Y era cierto, podía verlo en su expresión. Él siempre había dirigido la empresa con mano de hierro y jamás había confraternizado con los empleados. Para dirigir un imperio había que aprender a tener mentalidad de gran empresa o la empresa seguiría siendo siempre pequeña.

Pero, aunque él había aprendido la lección, nunca le había gustado. Ahora, viendo a la señora Morgan recoger sus papeles, entendía los beneficios de animar a los empleados. Tal vez Annie tenía razón, tal vez debería hablar más con ellos, confiar en que hicieran lo correcto y recompensarlos si aportaban alguna idea.

– Recibirá un cheque por el diez por ciento del dinero que nos ahorremos, señora Morgan.

Ella parpadeó, sorprendida.

– ¿Perdone?

– Va a ahorrarle a la empresa mucho dinero y lo más justo es que reciba una parte -dijo Duncan-. Es una nueva norma de la empresa. Quiero animar a la gente a que haga sugerencias que mejoren el negocio. Si llevamos a cabo la idea que propongan, el empleado recibirá un diez por ciento de los beneficios.

La señora Morgan se puso pálida.

– Pero el diez por ciento sería… más que el sueldo de un año entero.

Duncan se encogió de hombros.

– Entonces es un buen día de trabajo, ¿no?

– ¿Está seguro?

– Por supuesto.

– Gracias, señor Patrick. Yo… no sé qué decir. Gracias. Gracias.

Cuando llegó a la puerta, Duncan estaba seguro de que iba llorando.

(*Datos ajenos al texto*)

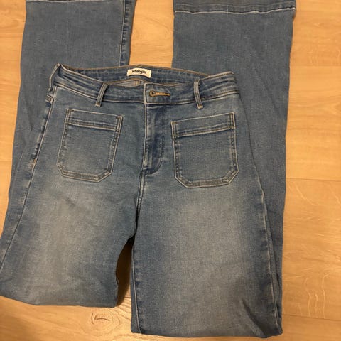 Wrangler Flare jeans i svart denim for kvinner. Størrelse w26/L32. Jeansene har en utsvingt benmodell (flare) og er laget av denimmateriale.
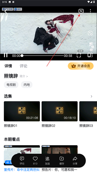 3、進(jìn)入播放的頁面內(nèi),點(diǎn)擊畫面上方TV的圖標(biāo)即可。
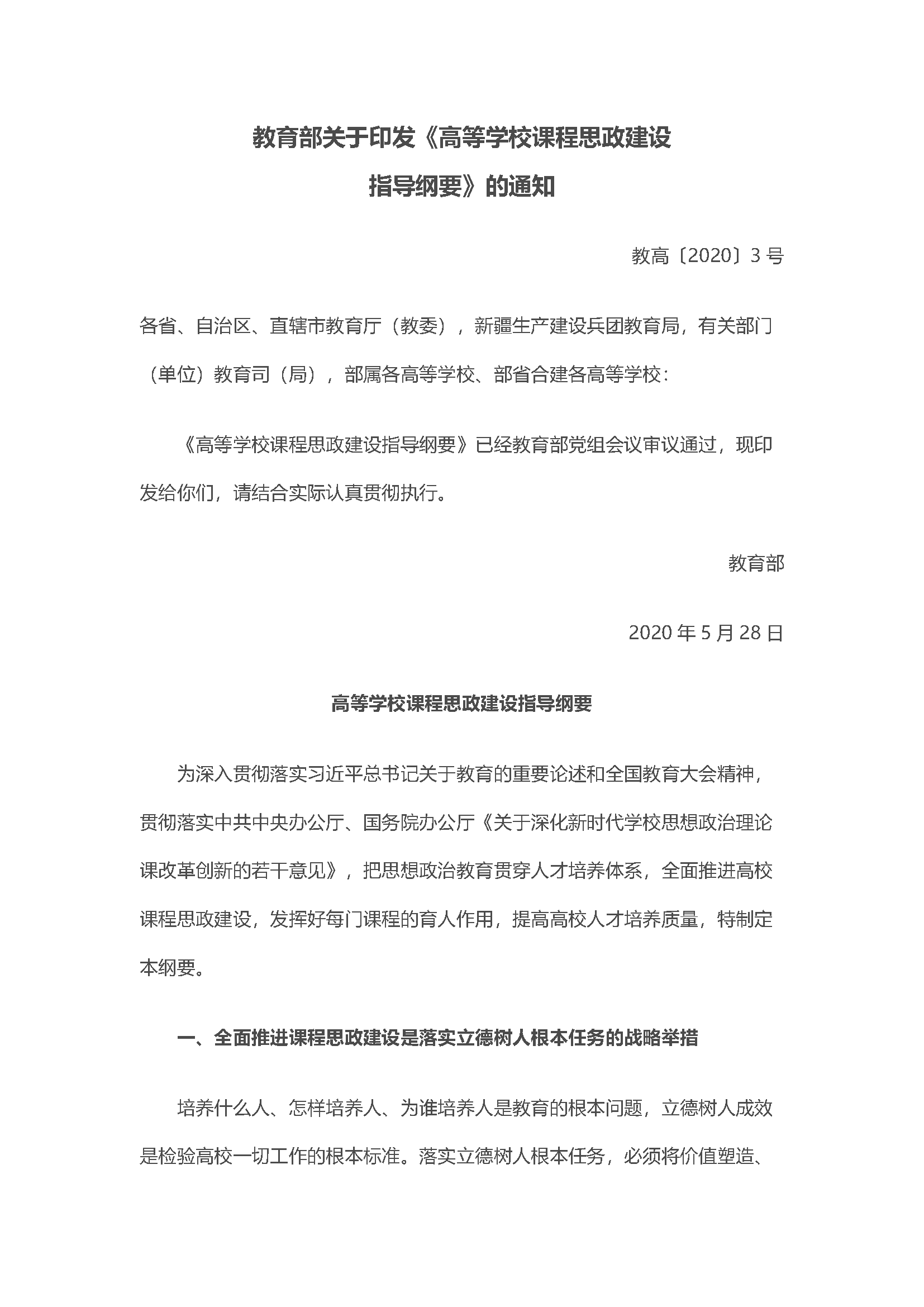 教育部关于印发《高等学校课程思政建设指导纲要》的通知(教高〔2020〕3号
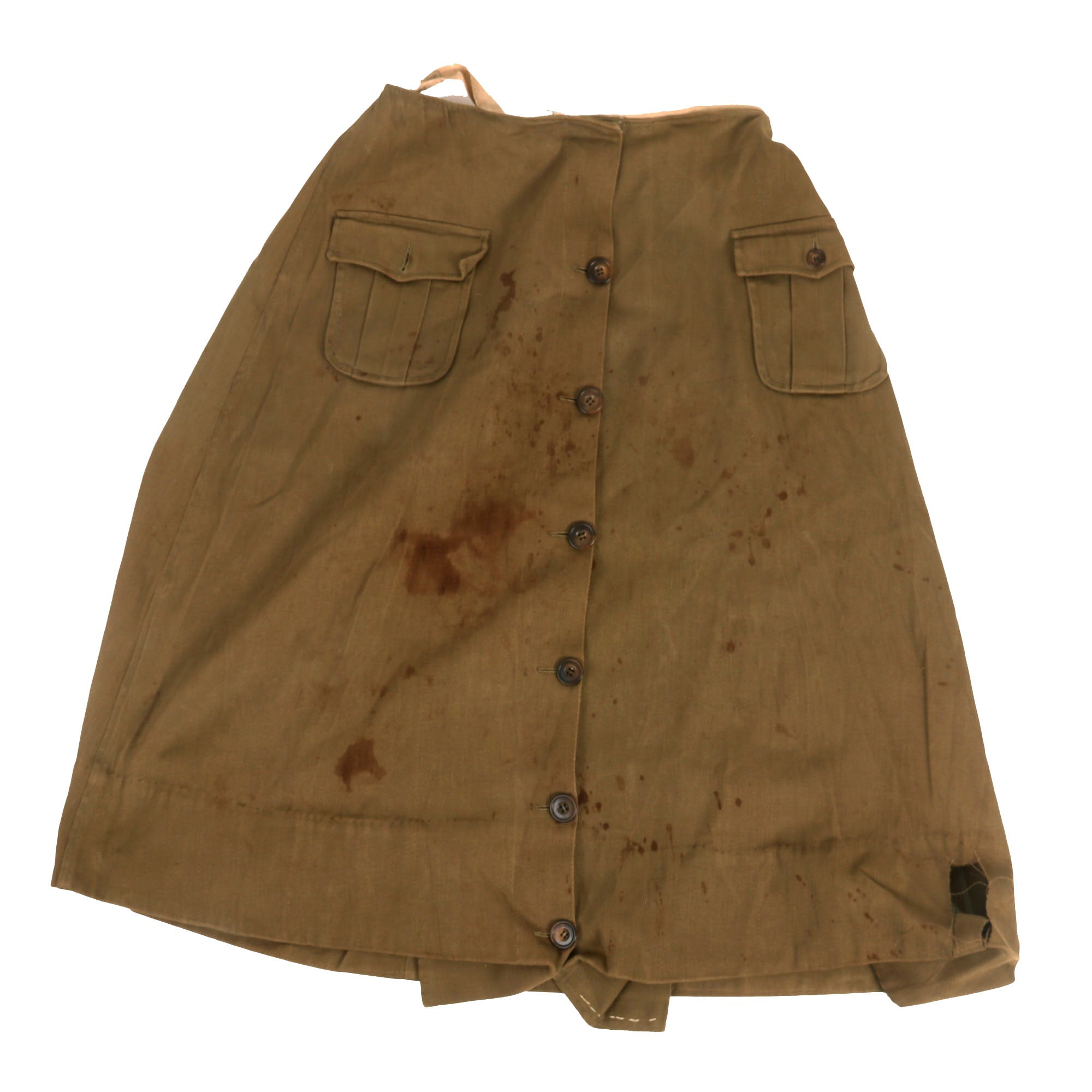 - The matching skirt for the above tunic, has two pockets similar to those on the tunic, with similar staining and one small rip near the bottom. The skirt is in overall great shape.

Sonriendo, se echó hacia atrás en la silla. Se sentía bien… como si hubiera hecho una buena acción. Tal vez era posible que lo de ser una buena persona no estuviera tan mal, pensó, irguiéndose para escribir una nota al director de Recursos Humanos pidiéndole que informase de la nueva norma a todos los empleados. Tal vez alguien en Relaciones Públicas podría también informar a la prensa… y de ese modo conseguiría que lo sacaran de la lista de los empresarios más odiados.

Después de eso, seguiría adelante con su plan de comprar las acciones del consejo de administración para quedarse como único propietario, como a él le gustaba, sin tener que darle explicaciones a nadie. Aunque mantendría la nueva normativa. No por Annie, se dijo a sí mismo. La mantendría porque era una buena idea.